Where Data Max GmbH processes personal data for direct marketing purposes, the data subject has the right to object at any time to processing for such purposes. The data subject may exercise this right by contacting any employee of Data Max GmbH directly.
h) Automated individual decision-making, including profiling
Every data subject has the right not to be subject to a decision based solely on automated processing, including profiling, which produces legal effects concerning them or similarly significantly affects them, unless the decision is necessary for entering into or performance of a contract, is authorised by law, or is based on the data subject's explicit consent. The data subject may contact any employee of the controller to exercise this right.
i) Right to withdraw consent
Every data subject has the right to withdraw their consent to the processing of personal data at any time. The data subject may contact any employee of the controller at any time to exercise this right.

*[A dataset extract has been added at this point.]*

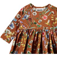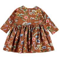 Charmaine is een bruine babyjurk met een print van wilde bloemen en insecten. De jurk heeft lange mouwen en een volle rok.

8. Legal Basis for Processing
Art. 6(1)(a) GDPR serves as the legal basis where we obtain consent for a specific processing purpose. For processing necessary for the performance of a contract, Art. 6(1)(b) GDPR applies. For processing necessary for compliance with a legal obligation, Art. 6(1)(c) GDPR applies. In rare cases, processing may be necessary to protect the vital interests of the data subject or another person under Art. 6(1)(d) GDPR. Processing based on our legitimate interests is governed by Art. 6(1)(f) GDPR, in particular where the data subject is a customer of the controller (Recital 47 sentence 2 GDPR).
9. Legitimate Interests Pursued by the Controller
Where processing of personal data is based on Art. 6(1)(f) GDPR, our legitimate interest is the conduct of our business for the benefit of the wellbeing of all our employees and shareholders.
10. Duration of Storage
The criterion for the duration of storage of personal data is the applicable statutory retention period. After expiry of that period, the corresponding data is routinely deleted, provided it is no longer necessary for the fulfilment or initiation of a contract.
11. Statutory or Contractual Requirements to Provide Personal Data
We inform you that the provision of personal data is partly required by law (e.g. tax regulations) or may also result from contractual provisions. Occasionally it may be necessary to conclude a contract that the data subject provides us with personal data which must subsequently be processed by us. Failure to provide the personal data would mean that the contract with the data subject could not be concluded. Before providing personal data, the data subject must contact one of our employees, who will clarify whether the provision is legally or contractually required or necessary for the conclusion of the contract, and what the consequences of non-provision would be.
12. Automated Decision-Making
As a responsible company, we do not use automatic decision-making or profiling.